The following article by Matt Morrison, executive director of Working America is cross-posted from a Working America e-blast:
A couple of weeks ago, we reported on field interviews showing Virginia voters’ overwhelming support for increasing teacher pay. These voters — even Republicans — were willing to pay an average of $19-$25 more per month in taxes to give teachers raises.
There are many proposals under debate to address income inequality through taxation on the wealthy, an indicator of the political importance of tax policy.
We took a long view of the importance of tax policy to voters, including different economic and demographic segments. Overall, while there was some uptick in interest in 2016, the share of voters focused on taxation has been relatively modest over the last seven years.
Unsurprisingly, Republican-leaning and higher-income voters are consistently the most focused on taxes, while people of color and Democratic-leaning voters are consistently the least likely to focus on these issues. Swing voters and white voters have had the greatest fluctuation in focus. Interestingly, following the 2017 Trump tax cuts, comparatively fewer voters are concerned about tax policy, an indication that the biggest GOP accomplishment has limited political appeal.

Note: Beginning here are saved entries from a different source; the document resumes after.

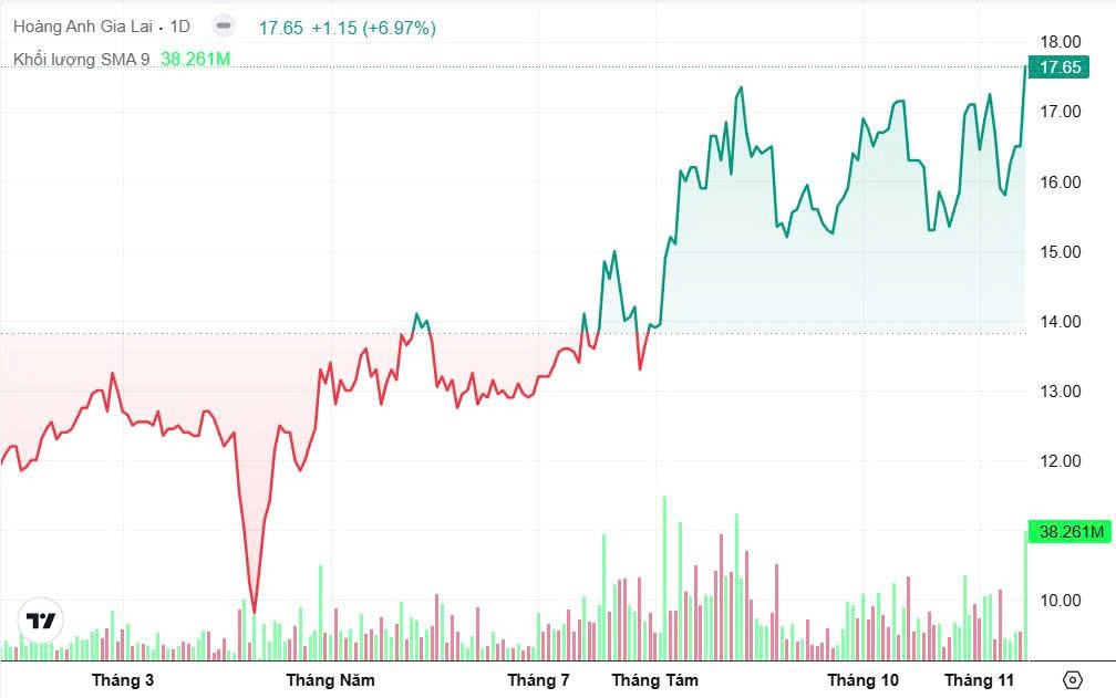 Phiên giao dịch cuối tuần qua (14/11), thị trường chứng khoán chứng kiến diễn biến bứt phá của cổ phiếu HAG nhà Hoàng Anh Gia Lai (HAGL), khi mã này đóng cửa trong trạng thái tăng trần, đạt 17.650 đồng/cổ phiếu. Đây cũng là mức giá cao nhất kể từ tháng 8/2015 của cổ phiếu này.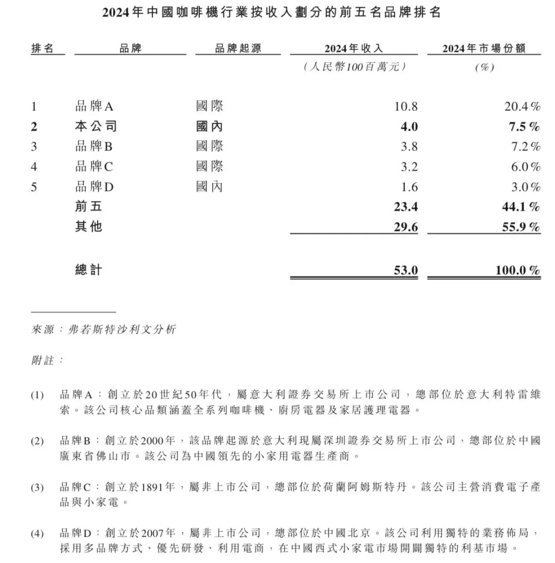 2024年中国咖啡机行业总收入达人民币53亿元,前五名市场参与者约占市场份额的44.1%。于2024年,格米莱为中国咖啡机行业第二大咖啡机品牌,市场份额约7.5%。到2024年,格米莱为中国咖啡机市场(就收入而言)最大的国产品牌。
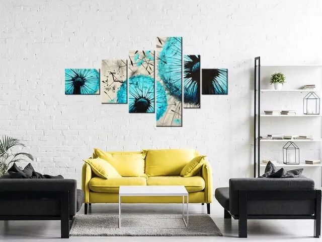 Moderný obraz s hodinami Púpavy na béžovom pozadí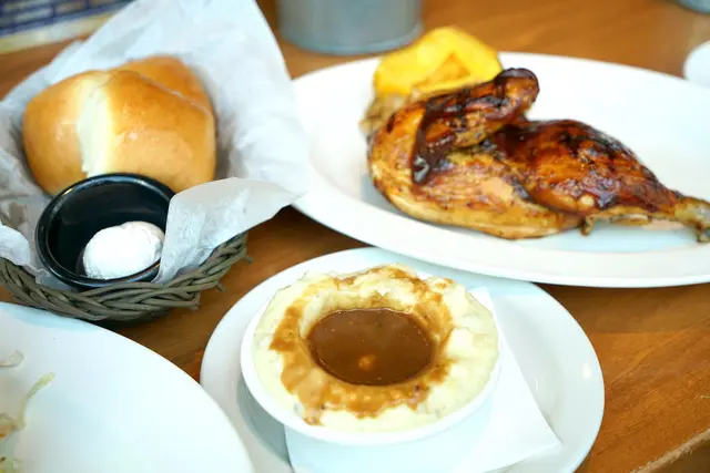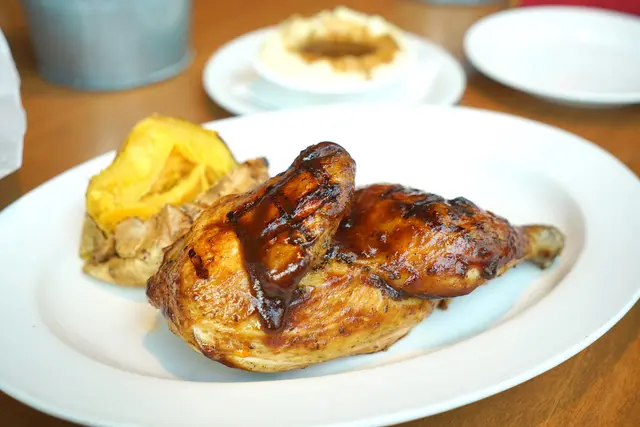 香料烤半雞620附上兩款小菜(4選二:肉醬薯泥、烤地瓜)

What if we could shift the debate to make fair and adequate taxation a strength for progressives?
We know from experience and experimentation that Working America canvassers alter the frame through which voters consider the issue of taxes. Instead of focusing on limited government, they shift the focus to equitable investment in society.
1. Unexpected support. We know that we can find support, sometimes in many of the most unexpected places. A 47-year-old woman in Gainesville, Virginia, recently told our canvasser that she felt we have “the right person in the White House” and supported vouchers. Yet, she was willing to pay $30 more each month in taxes to improve public schools.

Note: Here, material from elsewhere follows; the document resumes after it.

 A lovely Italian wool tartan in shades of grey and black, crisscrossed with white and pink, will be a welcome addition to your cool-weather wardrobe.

2. Make it local. Connecting taxes to local investment priorities instead of distant politicians can build dramatic support. In a clinical test targeting conservative voters in California’s Central Valley, we increased support for Proposition 6, the state’s infamous gas tax that funds infrastructure, by a whopping 14 percentage points in one conversation. By centering the conversation on local bridges and roads rather than statewide politics, voter opinion moved dramatically.
3. Tax fairness matters to working-class voters. In the Chicago suburbs — an area filled with tax-sensitive voters — we engaged voters on the issue of worker misclassification. Most of the voters, who were employed in traditional, full-time jobs with benefits, could not relate to the importance of workers being wrongly treated as independent contractors. But when we presented the issue as businesses shifting the tax burden to the voters because they skipped paying millions in employment taxes, that message resonated. As a result, hundreds of voters signed a digital petition to the state attorney general demanding enforcement.
Conservatives have strategically pushed austerity, disinvestment and public subsidies for the wealthy.
Rather than fighting for scraps under austerity, we go door-to-door and shift the framework entirely to investment in matters that affect people in their day-to-day lives.
Our experience says that we have a critical window to shift to a tax equity and investment paradigm if we can connect the dots for enough people in key battlegrounds. The more voters understand, the more they demand justice.